The message of the paper is clear: demographic change in the Western Balkans is not a distant future scenario. It is already reshaping societies, economies and public finances. The region is experiencing population decline driven by low fertility, ageing and emigration. Since 2021, the countries of the Western Balkans have recorded more deaths than births, while continued out-migration of young and working-age people further reduces the labour force and accelerates ageing.
For N. Macedonia and the wider region, this has direct implications for policy. A smaller working-age population affects productivity, economic growth and the financing of social systems. An ageing population increases pressure on health care, long-term care and pension systems. Rural and smaller municipalities are particularly exposed, as depopulation weakens local tax bases, reduces service provision and reinforces migration toward larger cities or abroad.

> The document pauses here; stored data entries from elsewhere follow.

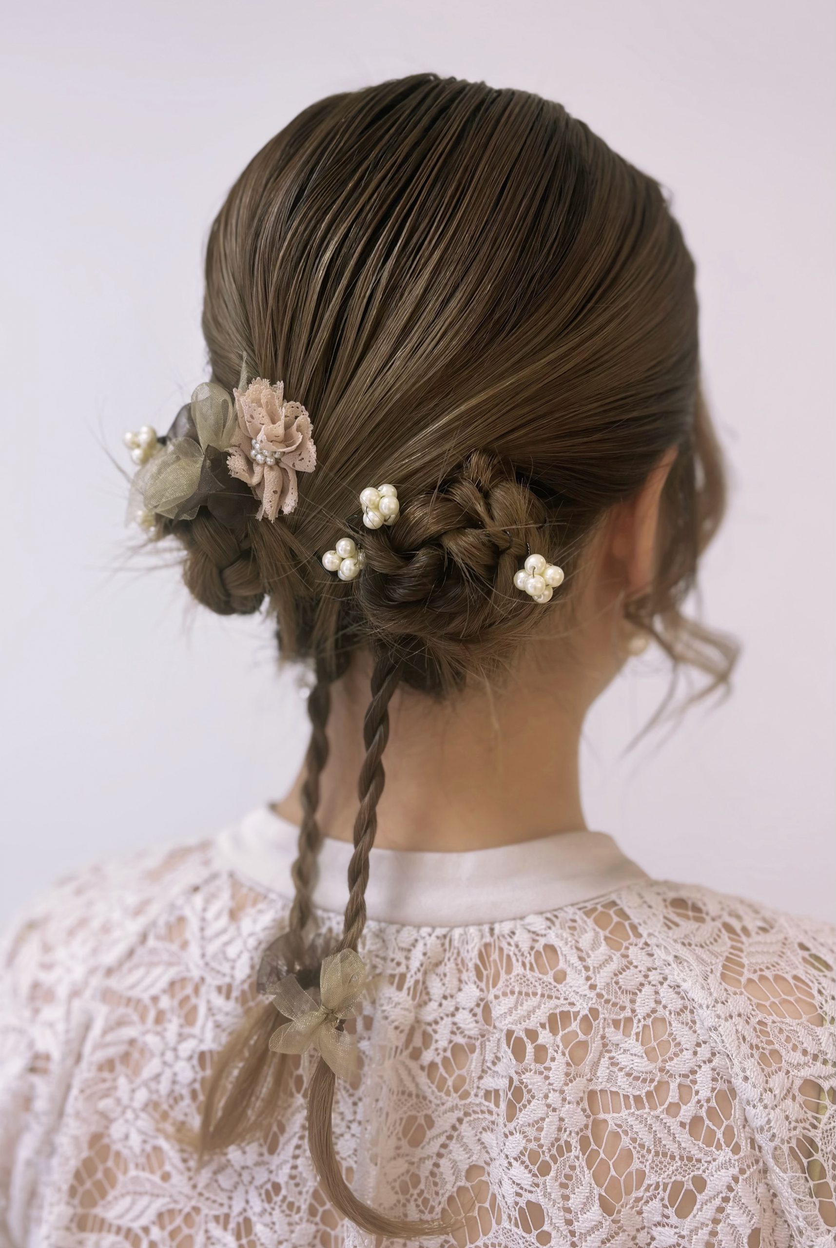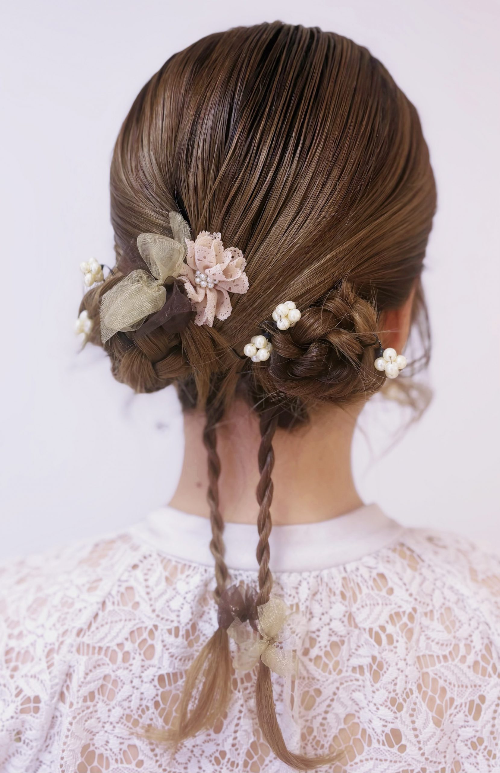 結婚式列席ヘアアレンジ『あみたらし団子ツインスタイル』
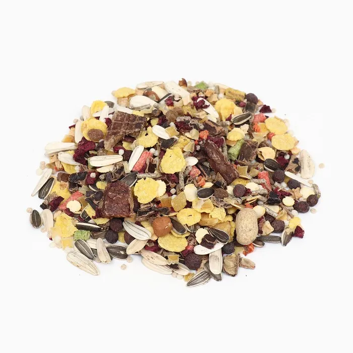 Фрукты и ягоды в составе способствуют нормальному пищеварению в период линьки и помогают выводить шерсть;
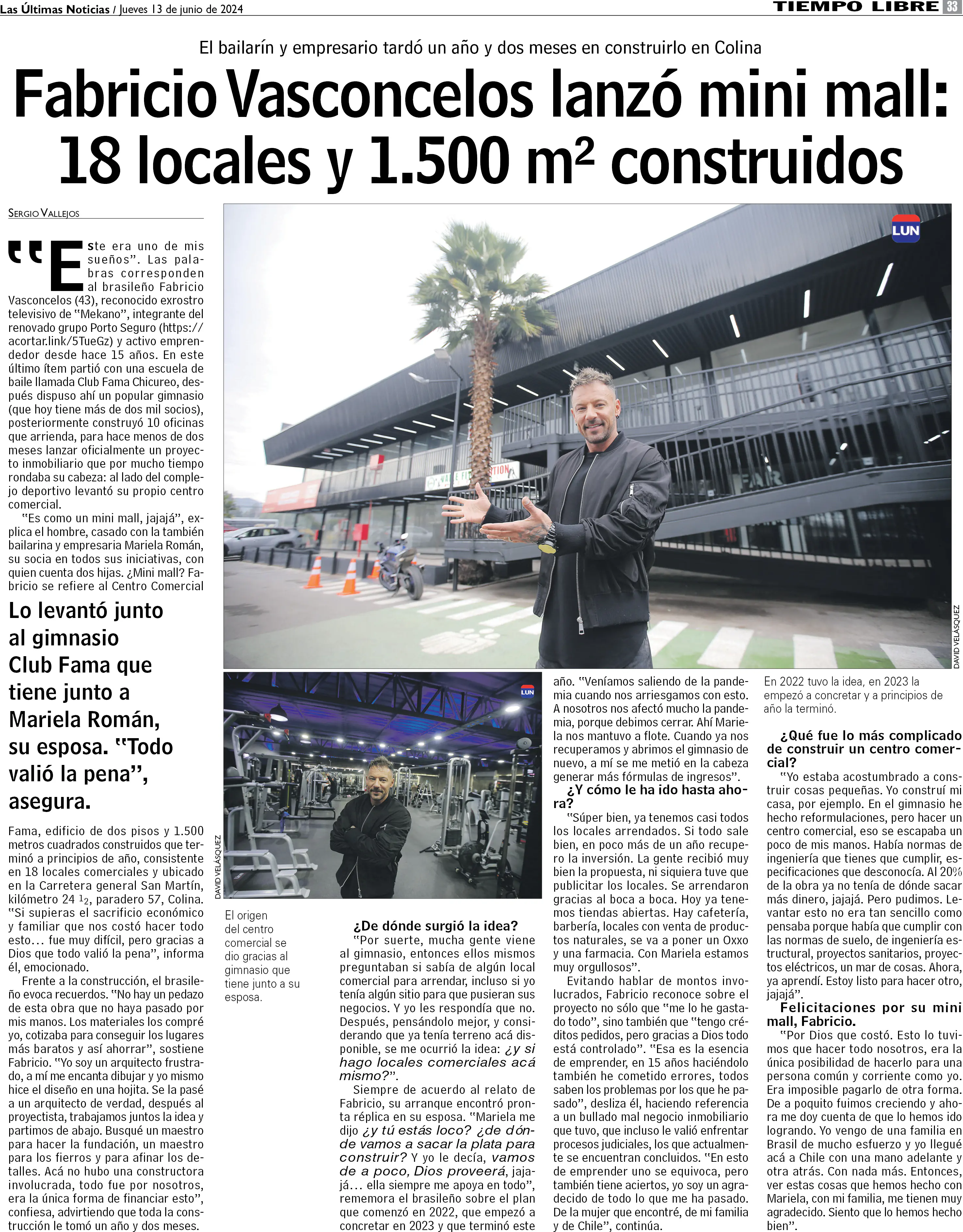 Fabricio Vasconcelos levantó mini mall en Colina: "Todo valió la pena"
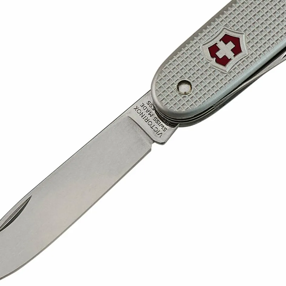 Alle Werkzeugteile des Messers bestehen aus rostfreiem Inox-Stahl (Werksbezeichnung 1.4110 – in den USA auch bekannt als 440A) mit einer Härte von 56 HRC. Es zeichnet sich durch eine mittlere Schnitthaltigkeit aus und kann auch von Anfängern leicht nachgeschärft werden. Mit etwas Übung gelingt es die Messerklinge auf Rasiermesserschärfe zu schleifen. Victorinox setzt bereits seit den Anfängen auf diesen bewährten Werkzeugstahl.
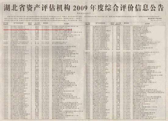 在6月8日公布的湖北省資產(chǎn)評估機(jī)構(gòu)2009年度綜合評價(jià)排名信息中,湖北永業(yè)行資產(chǎn)評估咨詢有限公司(以下簡稱“永業(yè)行資產(chǎn)評估公司”)位居第三,排名較2008年度上升了兩位。
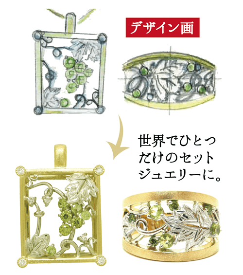 昔自分で購入した品や、形見の品を、世界にたった一つしかないデザインへ、アレンジすることができます。
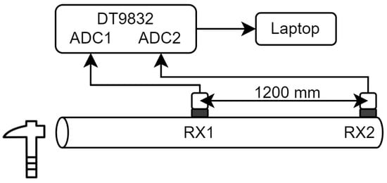 Guided wave measurements were conducted using three transducers arranged in a pitch–catch configuration. The configuration can be seen in Figure 7. The excitation signal was generated using MATLAB. For excitation, 5 cycles of a sine wave ranging from 15 to 40 kHz in 1 kHz increments were used. A Hanning window was applied to the signal for narrowband excitation. The signal was generated from an Agilent (Santa Clara, CA, USA) 33220A function generator and subsequently amplified to 400 Vpp using a custom-built linear power amplifier. The receiver transducer signals were amplified using custom-designed pre-amps, and the received signal was sampled using the DT9832 DAQ module’s ADC channels with a sampling rate of 2 MHz. Synchronisation of the excitation and reception of the signal was obtained using hardware triggering.
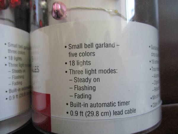 For sale are two new packages of LED dewdrop lights with colored bells. The lights are on a built in timer with 3 light modes: steady on, flashing and fading. There's 18 lights on the strand that's 6 feet long. Requires 3 AA batteries. Just $5 per package, cash only, please. Thanks.
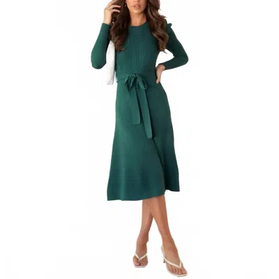 Gracie Tie Cocktail Cable Knit Midi Dress In Green

The paper also underlines that demographic policy cannot be reduced to measures encouraging childbirth. Low fertility is linked to wider social and economic conditions: insecurity in the labour market, housing challenges, delayed family formation, migration opportunities, gender inequalities and insufficient support for care. Therefore, effective responses must be integrated across employment, education, housing, health, social protection, local development and gender equality policies.
A particularly important finding is the gender dimension of demographic resilience. The Western Balkans continue to have lower female labour market participation than the EU average, while women carry a disproportionate share of unpaid care and household work. This limits women’s economic independence and reduces the region’s available labour potential. Any serious demographic strategy must therefore invest in care services, active labour market policies, work-life balance measures and gender-responsive budgeting.

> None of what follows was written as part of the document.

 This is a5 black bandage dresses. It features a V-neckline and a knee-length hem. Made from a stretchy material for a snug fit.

CRPM’s contribution to the Ministerial Conference is a call for evidence-based, forward-looking policy. Ageing should not be framed only as a burden. Longer life expectancy is also a social achievement. The real challenge is whether institutions can adapt quickly enough: by building sustainable pension systems, accessible long-term care, healthier ageing, more inclusive labour markets, and local development models that respond to demographic realities.
Demographic change is a governance issue. It requires better data, more accurate population projections, stronger coordination across ministries and municipalities, and fiscal planning that anticipates future needs. For countries on the path toward EU accession, demographic resilience must become part of the reform agenda: not only as a social policy concern, but as a foundation for economic convergence, social cohesion and sustainable development.
CRPM will continue to support public debate with research that connects demographic trends to policy choices. The future of the Western Balkans will depend not only on how many people live in the region, but on whether institutions can create conditions for people to live, work, care and age with dignity.